For both Williams and for Dawkins, the gene as replicator offered a strong argument against evolution working at the level of the group; if genes were the only permanent unit in nature, how could the eye of selection peruse anything else? As a bookkeeping device, scoring genes in populations helped keep good track of evolutionary change. But “selfish genes” were not fashioned merely as a metaphor: The point of view they engendered negated evolution at any other level.
21
And yet, when reconsidered by theorists beginning in the eighties, chief among them David Sloan Wilson, it began to become clear that the unit of selection and the level of selection depended on entirely different criteria. Of course genes were replicators, and clear units of permanence. But whether a certain level of life could be viewed by selection depended not on
permanence
but on
where fitness differences resided in the biological hierarchy
. Here is why: If a population is viewed as a nested hierarchy of units, with genes existing within individuals, individuals existing within groups, groups existing within populations and so on, fitness differences can exist at any or all levels of the hierarchy because
heritable variation
can exist at all these levels.
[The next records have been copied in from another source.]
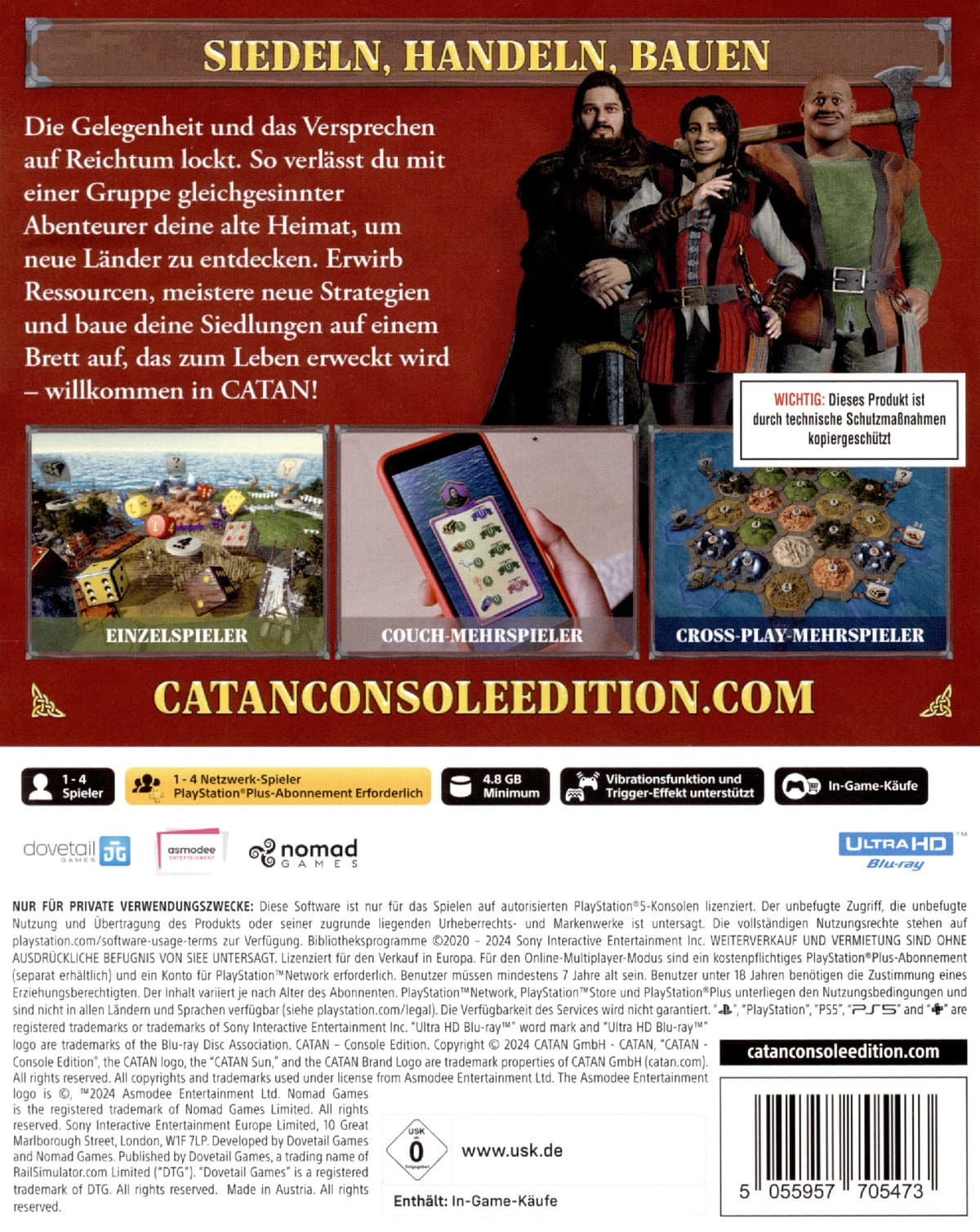 Spiele das offizielle Videospiel CATAN auf der Konsole! Erwirb Ressourcen, meistere neue Strategien und baue deine Siedlungen auf einem Brett auf, das zum Leben erweckt wird. Fordere Freunde sowohl online als auch zu Hause heraus oder spiele gegen intelligente und dynamische KI und werde der Cataner, der siegt!
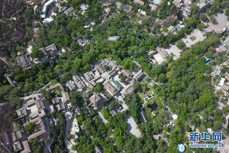 这是5月18日在兰州市城关区拍摄的皋兰山下五泉山公园初夏景象(无人机照片)。
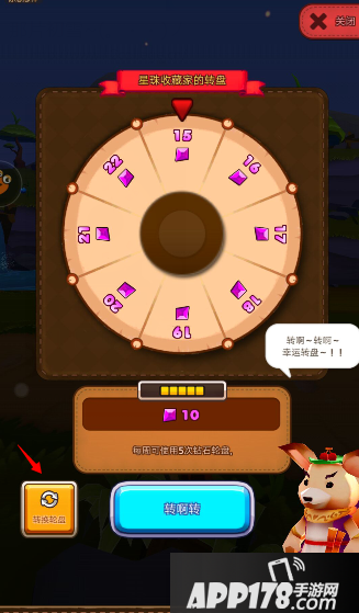接下来与"星珠收藏家"聊天,就会跳转到道具转盘的界面,小伙伴这时会有疑问,说好的钻石转盘在哪里啊?别着急,魔灵酱现在就告诉你在哪!大家可以看到新版本更新后,道具转盘的左下角会有"转换轮盘"的按钮,大家只要点一下就可以切换到钻石转盘的活动界面拉,看上图看上图看上图!

The gene’s-eye point of view therefore says nothing about the possibility of group selection; genes, after all, can evolve by outcompeting other genes within an individual, or—via the traits they confer—by helping individuals outcompete other individuals within a group, or by helping one group outcompete another. Even if the genes are the replicators, it still needs to be determined whether they evolve by between-gene/individual selection, between-individual/group selection, or between-group/population selection. Despite all the history and hype, the gene’s-eye view and group selection are not, and never should have been, antithetical.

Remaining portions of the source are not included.